Regular backups taken of gitlab-org/gitlab on production
Tracks progress for https://gitlab.com/gitlab-com/gitlab-OKRs/-/work_items/5227
Context
We are not currently using Gitaly's repository backups solution on gitlab.com due to scalability issues with large GitLab instances. As mentioned in the documentation:
The backup command produces a Git bundle for each repository and tars them all up. This duplicates pool repository data into every fork. In our testing, 100 GB of Git repositories took a little over 2 hours to back up and upload to S3. At around 400 GB of Git data, the backup command is likely not viable for regular backups. For more information, see alternative backup strategies.

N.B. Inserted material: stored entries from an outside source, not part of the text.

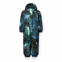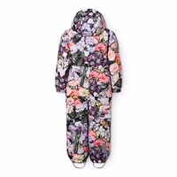Vandafvisende blomstret flyverdragt, fremstillet i genanvendt polyester. Dragten har en aftagelig foret hætte og en lang lynlås på fronten med overfald der gør den nem at tage af og på. Elastikken i lænden samt ved ærme- og benafslutninger sørger for, at sne, regn og vind holdes ude, samtidig med at luffer og støvler bliver på plads. Flyverdragten er udstyret med en refleks på benet, som sikrer ekstra synlighed i trafikken.Derudover har dragten en indvendig justerbar elastik i taljen, der giver en tæt og behagelig pasform omkring kroppen.
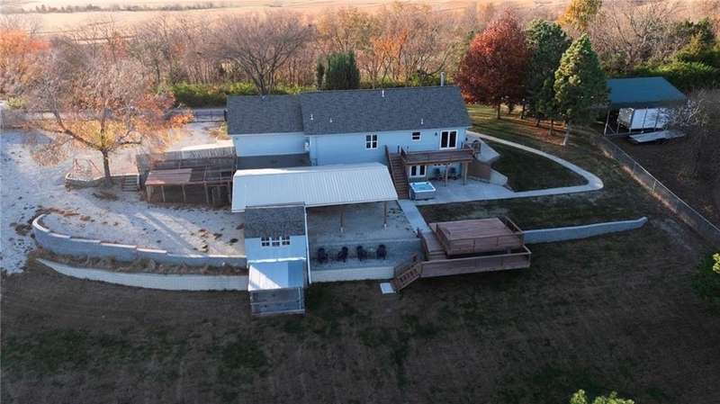 Welcome home to this beautiful 4-bedroom ranch/reverse nestled on 3 peaceful acres just outside of town. Step inside to find a warm, open layout with vaulted ceilings, a stone fireplace, and plenty of natural light that makes the great room feel like a cozy retreat. The updated kitchen shines with quartz countertops, a large island, and stainless steel appliances — perfect for cooking, entertaining, or gathering with friends. The primary suite has been tastefully updated, offering comfort and modern style. Downstairs, the finished walkout lower level adds even more living space for movie nights, hobbies, or guests. Outside, you’ll love the expansive deck with nearly 40-mile views — the perfect backdrop for a morning coffee or evening sunset. A 2-car garage connects to the home, plus a newer large carport addition out back that’s ideal for parking, storage, or even transforming into a festive party space. The backyard playground is a true country retreat — complete with a double firepit area, outdoor wet bar crafted from a repurposed grain silo, and plenty of room to roam. Bring your animals too! A chicken coop, storage shed, and covered/enclosed outdoor animal area are all ready for you. This gated property offers the best of country living — privacy, charm, and unbeatable views — yet it’s still close to town conveniences. By appointment only. Contact the listing agent today for details or to schedule your private showing!
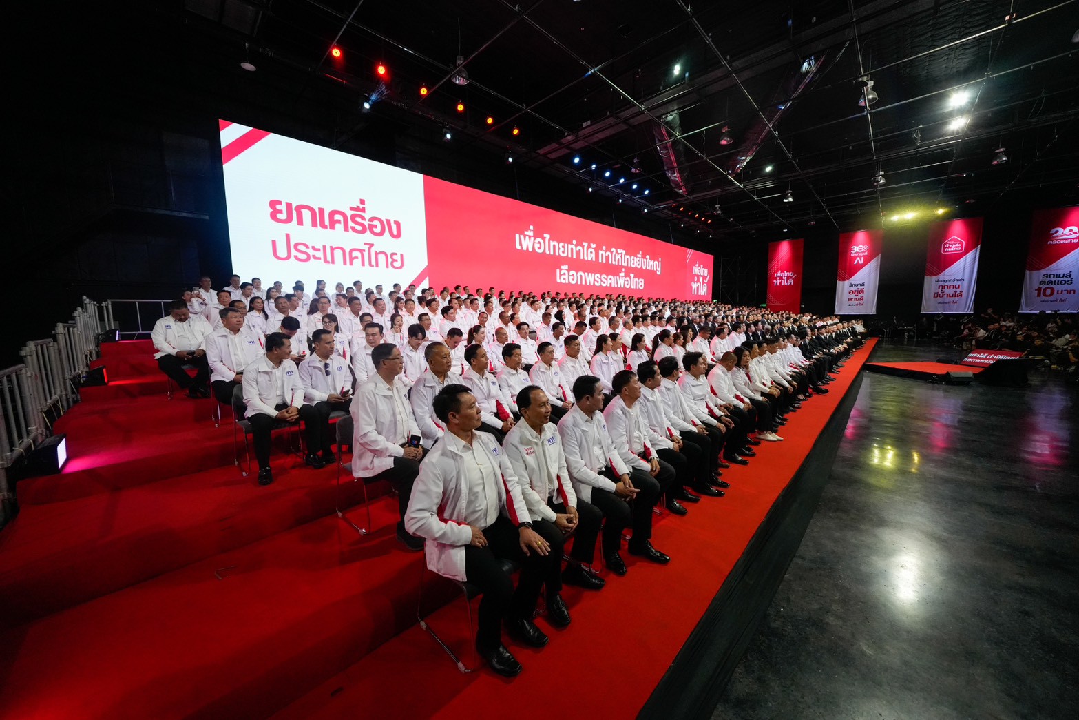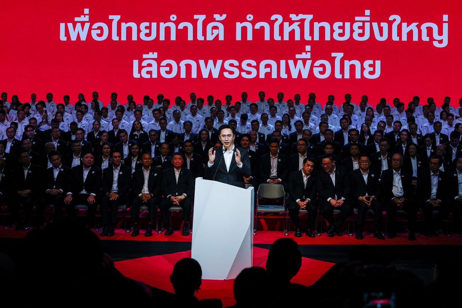 25 ธันวาคม 2568 เวลา 10.30 น. ที่พรรคเพื่อไทย จัดกิจกรรมประกาศความพร้อมสูงสุดในการสู้ศึกเลือกตั้ง ที่จะเกิดขึ้น ในวันอาทิตย์ที่ 8 กุมภาพันธ์ 2569 โดยได้จัดงานเปิดตัวผู้ประสงค์ลงสมัครรับเลือกตั้ง สส. ครบทั้ง 500 คน ทั้งแบบแบ่งเขตและแบบบัญชีรายชื่อ ชูนโยบายหลักภายใต้สโลแกน “เพื่อไทยทำได้ ทำให้ไทยยิ่งใหญ่ เลือกพรรคเพื่อไทย ทั้งคนทั้งพรรค”
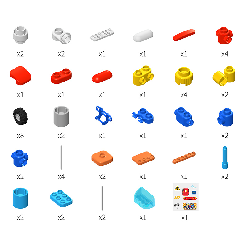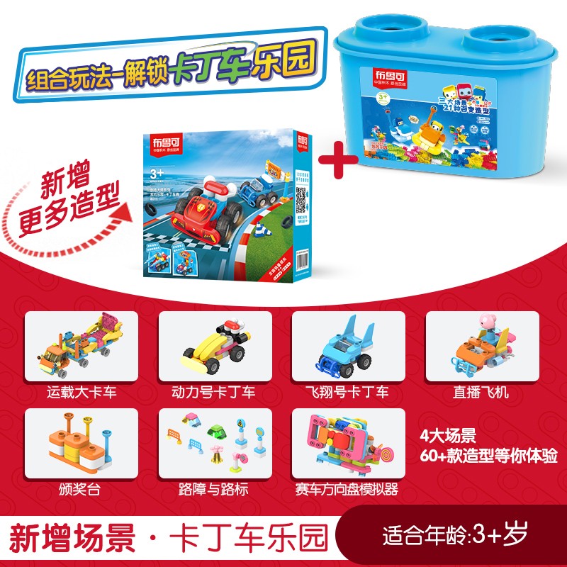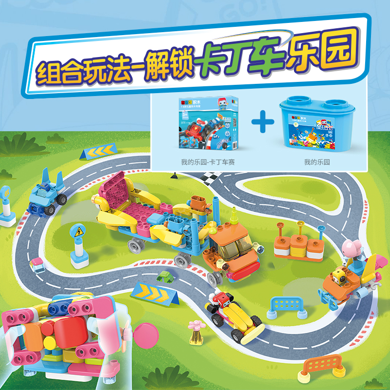 布鲁可创造大师系列80111我的乐园-卡丁车赛场景包内含有8个小轮胎零件,可以拼插出两台卡丁车,结合我的乐园积木桶,可以组合成为卡丁车乐园场景,拼搭为运载大卡车、赛车方向盘模拟器、飞越障碍等多种组合。该套组采用多彩大颗粒设计,能够帮助宝宝认知形状和颜色,拼搭的同时学习一定的交通知识;颗粒边角圆润无毛刺,宝宝拼搭过程中不易伤手。
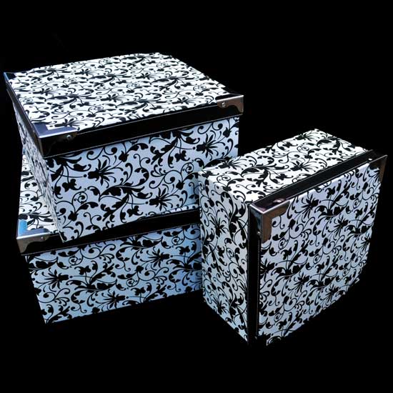 The paper boxes here come in a nice rectangular shape. They are covered with black-and-white patterned paper. The covering paper imitates the texture of leather and is embellished with stitching patterns.

This means backups of gitlab.com via this mechanism are untenable due to its large size.
Recently, server-side repository backups have been implemented, which stream repository bundles directly to object storage, avoiding a round-trip to the backup originator. This mechanism should eliminate the scalability limitation and allow for repositories in arbitrarily-sized GitLab instances to be efficiently backed up.
Additionally, server-side backups can be used in conjunction with incremental backups to further improve efficiency.
Proposal
In order to dogfood incremental server-side backups, we should enable the functionality on gitlab.com for the gitlab-org/gitlab
project. Once the dashboards are merged, we'll also be able to monitor the performance of the backups.
To set this up, we need to provision:
-
Object storage bucket -
A cronjob or similar to execute a direct repository backup